Kani Vallal, Arumugam Sumithra, Rajendran Karthika, Esakki Muthuvel
Department of Pathology, Saveetha Medical College and Hospitals, Saveetha Institute of Medical and Technnical Sciences, Saveetha University, Chennai, IND.
Cureus. 2024 Sep 13;16(9):e69374. doi: 10.7759/cureus.69374. eCollection 2024 Sep.
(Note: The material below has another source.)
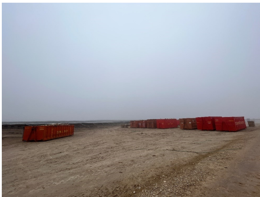
Figura 3 Punto limpio de RNP dispuesto dentro de la planta

El punto limpio de residuos no peligrosos consta de cinco contenedores, uno para restos plásticos (bolsa de basura, botellas, tubos corrugados...), cartón, flejes, madera y plástico blando. También hay una zona para los restos de ferralla.

Primary ovarian leiomyosarcoma (LMS) is an extremely rare and aggressive tumor that originates in the smooth muscle tissue of the ovary. Typically affecting older women, it is diagnosed at an advanced stage and is associated with a poor prognosis, with most patients succumbing within the first year. The effectiveness of adjuvant chemotherapy and radiotherapy remains unclear due to the rarity of reported cases. In this case report, a 66-year-old woman presented with lower abdominal pain persisting for four months, accompanied by weight loss and appetite reduction. Imaging revealed a large, heterogeneous solid lesion in the left adnexa, suggesting a malignant ovarian neoplasm. Surgery was performed, and histopathological analysis confirmed the presence of a high-grade spindle cell sarcoma, consistent with ovarian LMS. Immunohistochemistry showed positive smooth muscle actin (SMA) and negative S100 and Myo D1, supporting the diagnosis. The patient completed two cycles of chemotherapy and was then lost to follow-up. This case highlights the diagnostic challenges and limited treatment options associated with primary ovarian LMS. Given the scarcity of cases, there is no established standard therapy, and the prognosis remains poor. Further research is needed to develop effective therapeutic strategies for this aggressive malignancy.
原发性卵巢平滑肌肉瘤(LMS)是一种极其罕见且侵袭性强的肿瘤,起源于卵巢的平滑肌组织。该肿瘤通常影响老年女性,多在晚期被诊断出来,预后较差,大多数患者在第一年内死亡。由于报告病例稀少,辅助化疗和放疗的有效性尚不清楚。在本病例报告中,一名66岁女性因下腹部疼痛持续四个月就诊,伴有体重减轻和食欲减退。影像学检查显示左侧附件有一个大的、异质性实性病变,提示为恶性卵巢肿瘤。进行了手术,组织病理学分析证实存在高级别梭形细胞肉瘤,符合卵巢LMS。免疫组化显示平滑肌肌动蛋白(SMA)阳性,S100和肌分化抗原(Myo D1)阴性,支持诊断。患者完成了两个周期的化疗,随后失访。该病例突出了原发性卵巢LMS相关的诊断挑战和有限的治疗选择。鉴于病例稀少,尚无既定的标准治疗方法,预后仍然很差。需要进一步研究以开发针对这种侵袭性恶性肿瘤的有效治疗策略。